● **Task requirements**:
Using the entries below, show all lines with the string "jour".
===== Information given =====
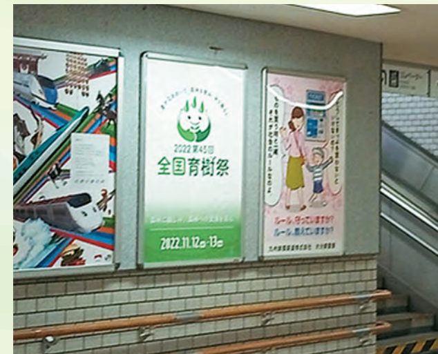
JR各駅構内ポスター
=====
===== Information given =====
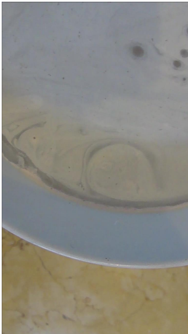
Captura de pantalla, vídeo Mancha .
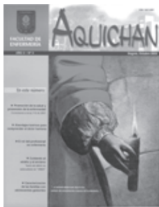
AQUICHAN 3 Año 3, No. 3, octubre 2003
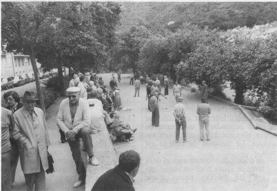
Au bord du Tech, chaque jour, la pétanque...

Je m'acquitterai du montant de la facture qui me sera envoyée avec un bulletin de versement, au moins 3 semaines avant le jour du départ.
=====
===== Information given =====
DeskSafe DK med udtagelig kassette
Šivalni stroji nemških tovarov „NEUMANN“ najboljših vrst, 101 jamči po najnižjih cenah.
=====
● **Response area**:
Au bord du Tech, chaque jour, la pétanque...
Je m'acquitterai du montant de la facture qui me sera envoyée avec un bulletin de versement, au moins 3 semaines avant le jour du départ.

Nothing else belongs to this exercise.